── DATASET RECORDS

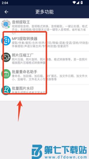 视频压缩王包含功能有:视频压缩、格式转换、去水印、视频在线提取、视频翻转、加水印、视频音轨、视频加字幕、视频截取、视频裁剪、画面调整、画面混合、视频旋转、M3U8制作、视频变速、视频分段、视频拼接、视频转动图、视频打码、音频混合、淡入淡出、音视频同步、照片转视频、视频倒放、视频封面制作等功能。
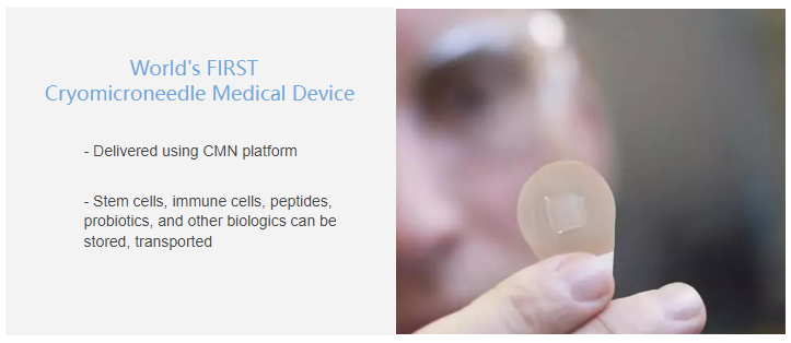 World's FIRSTCryomicroneedle Medical Device- Delivered using CMN platform - Stem cells, immune cells, peptides, probiotics, and other biologics can be stored, transported |
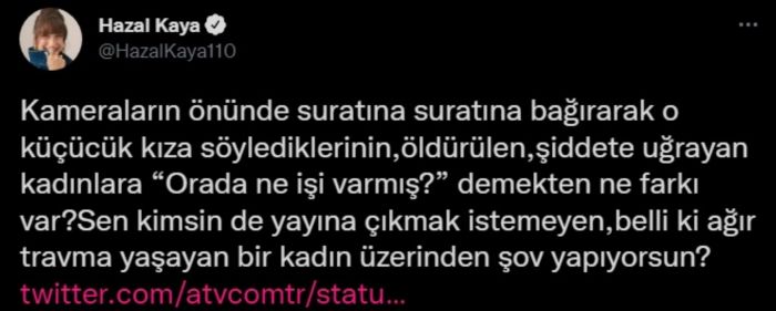 Yaşananlara sessiz kalmayanlardan biri de ünlü oyuncu Hazal Kaya oldu. Kaya, Twitter’dan yaptığı paylaşım ile Esra Erol’un sözlerine ve yayında yaşananlara çok sert tepki gösterdi.
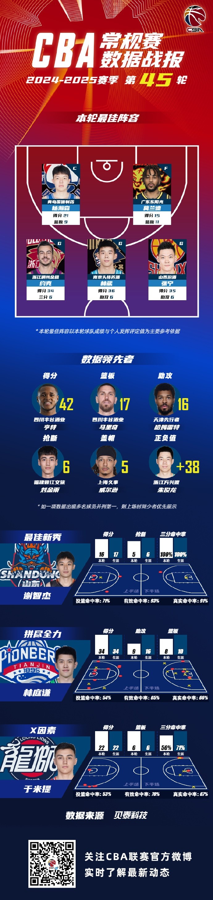 2024-2025賽季CBA聯(lián)賽常規(guī)賽第45輪結(jié)束較量,來自青島國信海天籃球俱樂部的楊瀚森,廣東宏遠(yuǎn)籃球俱樂部的莫蘭德,浙江稠州籃球俱樂部的約克, 南京同曦籃球俱樂部的林葳和山西汾酒職業(yè)籃球俱樂部的張寧入選CBA聯(lián)賽常規(guī)賽第45輪最佳陣容!
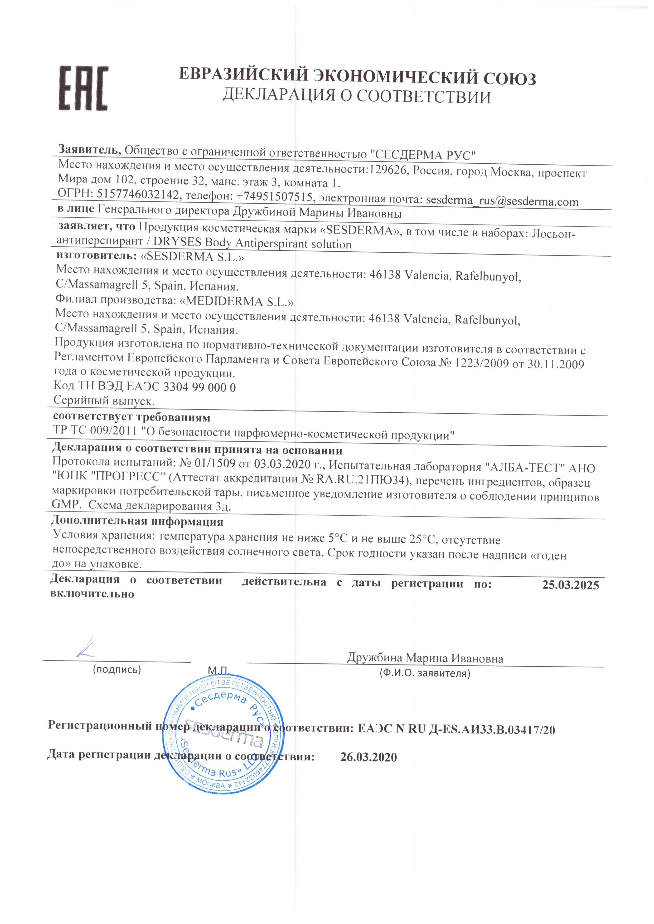 • Изготовлено в Испании (производство Сесдерма в Валенсии)
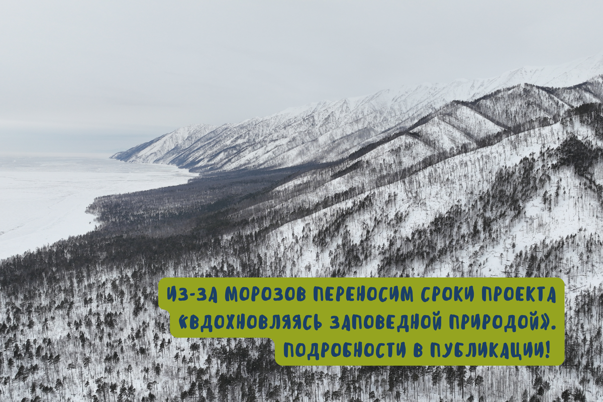 Берём паузу на морозы, чтобы вернуться с ещё большим вдохновением Друзья, в последние дни природа Бурятии показала свой суровый характер. Холод повлиял на работу многих школ, и мы понимаем, что в таких условиях для проведения экологического урока нужно больше времени. По многочисленным просьбам, а также чтобы обучение и творчество проходили в комфортном ритме, мы решили немного сдвинуть сроки проекта «Вдохновляясь заповедной природой», который стартовал ко Дню рождения Баргузинского заповедника. Пусть будет больше времени на получение знаний и поиск ярких идей. Мы с нетерпением ждём творческих результатов ваших учеников, не забывайте присылать их работы! Спасибо, что согреваете наш проект своим интересом и любовью к заповедной природе!
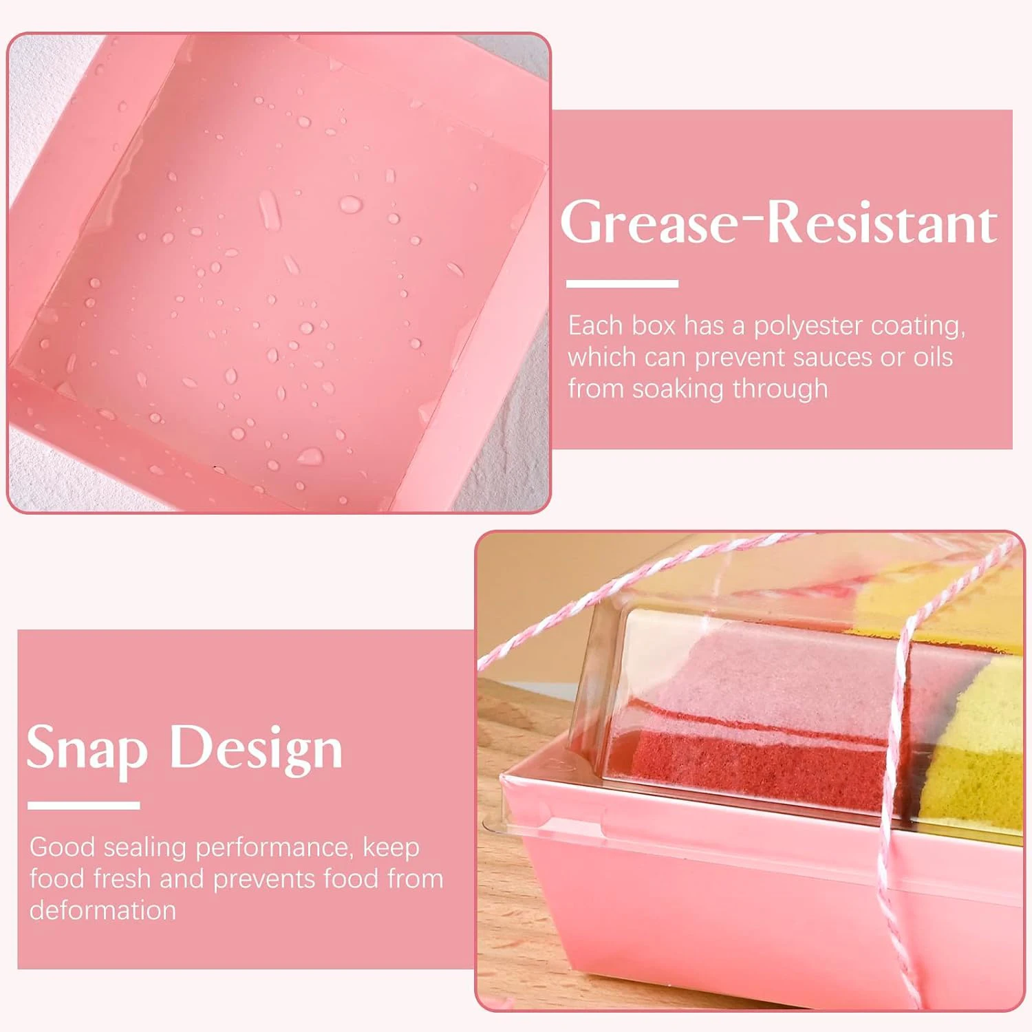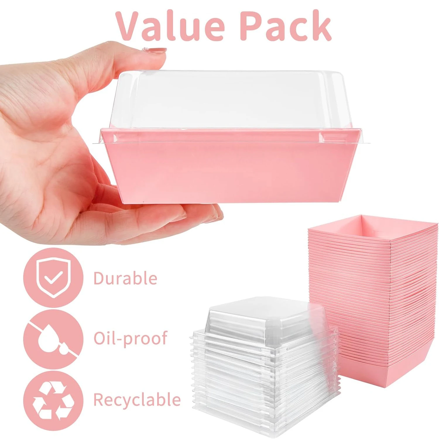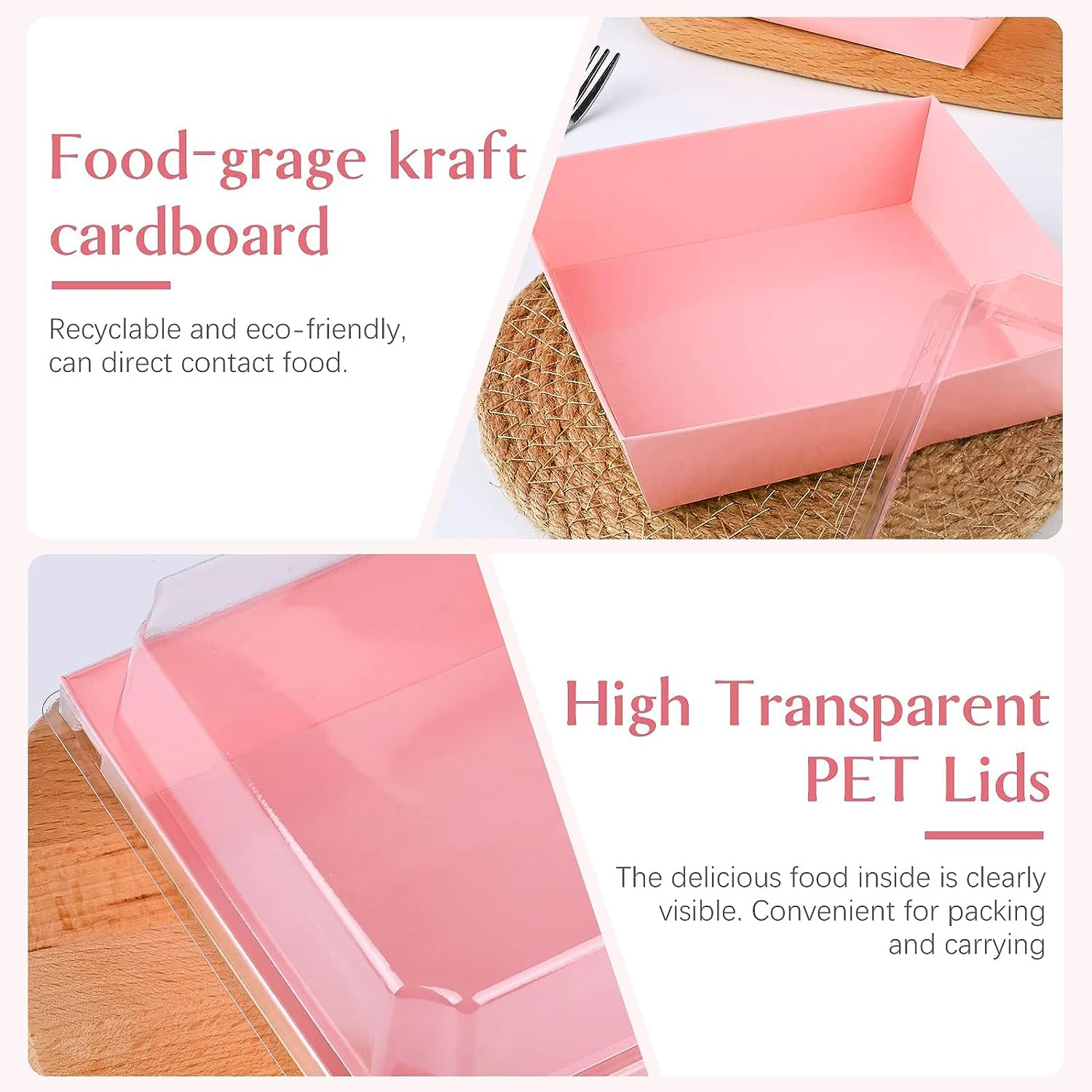 - Matériau de haute qualité: La boîte à charcuterie est faite de carton rose robuste et le couvercle est en plastique PET, recyclable et durable, peut entrer en contact direct avec les aliments.
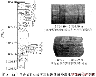 濁積體為辮狀河三角洲前緣沉積物發(fā)生滑動(dòng)或滑塌而成的砂巖堆積體,往往位于三角洲前緣的主推進(jìn)方向前方的古地形低洼處,通常規(guī)模較小,呈小型透鏡體狀,厚度也較薄,本區(qū)濁積體巖性細(xì),以粉-細(xì)砂巖為主,發(fā)育段成砂泥巖薄互層,砂巖中見(jiàn)變形構(gòu)造,并有沖刷面、遞變層理、波紋層理、塊狀層理等,近底部含泥礫或礫石,具有典型的鮑瑪序列,鮑瑪序列一般發(fā)育不完整,A、C、E段較為多見(jiàn)(圖3)。地震剖面上;響應(yīng)于丘形或透鏡狀反射特征。
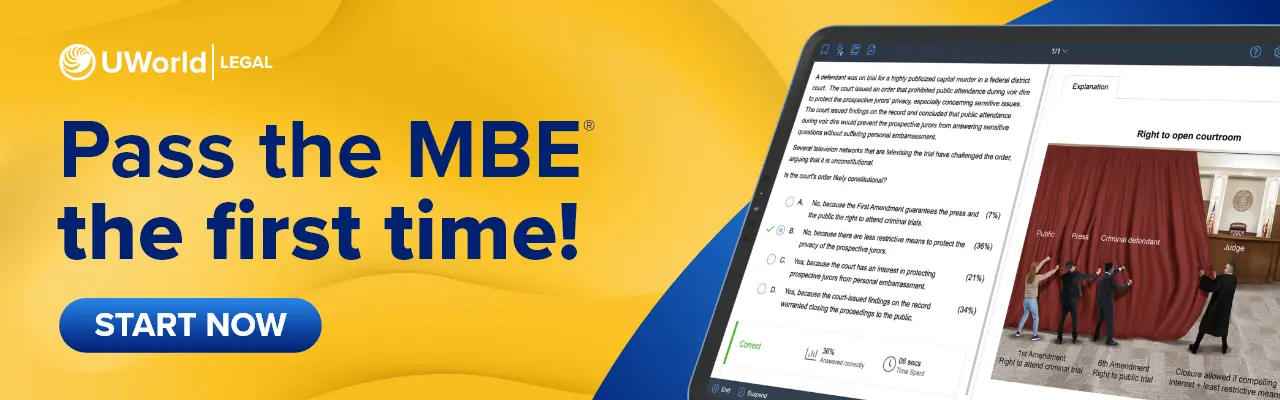 I wish I had gotten UWorld at the beginning! Great mix of real NCBE questions, plus a really clean, intuitive interface. Definitely recommend to rising 3Ls!”

────

● BRIEF
Although the records contain pictures, transcribe only their text, exactly as written.

● RESPONSE TO THE EXERCISE
 视频压缩王包含功能有:视频压缩、格式转换、去水印、视频在线提取、视频翻转、加水印、视频音轨、视频加字幕、视频截取、视频裁剪、画面调整、画面混合、视频旋转、M3U8制作、视频变速、视频分段、视频拼接、视频转动图、视频打码、音频混合、淡入淡出、音视频同步、照片转视频、视频倒放、视频封面制作等功能。
 World's FIRSTCryomicroneedle Medical Device- Delivered using CMN platform - Stem cells, immune cells, peptides, probiotics, and other biologics can be stored, transported |
 Yaşananlara sessiz kalmayanlardan biri de ünlü oyuncu Hazal Kaya oldu. Kaya, Twitter’dan yaptığı paylaşım ile Esra Erol’un sözlerine ve yayında yaşananlara çok sert tepki gösterdi.
 2024-2025賽季CBA聯(lián)賽常規(guī)賽第45輪結(jié)束較量,來自青島國信海天籃球俱樂部的楊瀚森,廣東宏遠(yuǎn)籃球俱樂部的莫蘭德,浙江稠州籃球俱樂部的約克, 南京同曦籃球俱樂部的林葳和山西汾酒職業(yè)籃球俱樂部的張寧入選CBA聯(lián)賽常規(guī)賽第45輪最佳陣容!
 • Изготовлено в Испании (производство Сесдерма в Валенсии)
 Берём паузу на морозы, чтобы вернуться с ещё большим вдохновением Друзья, в последние дни природа Бурятии показала свой суровый характер. Холод повлиял на работу многих школ, и мы понимаем, что в таких условиях для проведения экологического урока нужно больше времени. По многочисленным просьбам, а также чтобы обучение и творчество проходили в комфортном ритме, мы решили немного сдвинуть сроки проекта «Вдохновляясь заповедной природой», который стартовал ко Дню рождения Баргузинского заповедника. Пусть будет больше времени на получение знаний и поиск ярких идей. Мы с нетерпением ждём творческих результатов ваших учеников, не забывайте присылать их работы! Спасибо, что согреваете наш проект своим интересом и любовью к заповедной природе!
 - Matériau de haute qualité: La boîte à charcuterie est faite de carton rose robuste et le couvercle est en plastique PET, recyclable et durable, peut entrer en contact direct avec les aliments.
 濁積體為辮狀河三角洲前緣沉積物發(fā)生滑動(dòng)或滑塌而成的砂巖堆積體,往往位于三角洲前緣的主推進(jìn)方向前方的古地形低洼處,通常規(guī)模較小,呈小型透鏡體狀,厚度也較薄,本區(qū)濁積體巖性細(xì),以粉-細(xì)砂巖為主,發(fā)育段成砂泥巖薄互層,砂巖中見(jiàn)變形構(gòu)造,并有沖刷面、遞變層理、波紋層理、塊狀層理等,近底部含泥礫或礫石,具有典型的鮑瑪序列,鮑瑪序列一般發(fā)育不完整,A、C、E段較為多見(jiàn)(圖3)。地震剖面上;響應(yīng)于丘形或透鏡狀反射特征。
 I wish I had gotten UWorld at the beginning! Great mix of real NCBE questions, plus a really clean, intuitive interface. Definitely recommend to rising 3Ls!”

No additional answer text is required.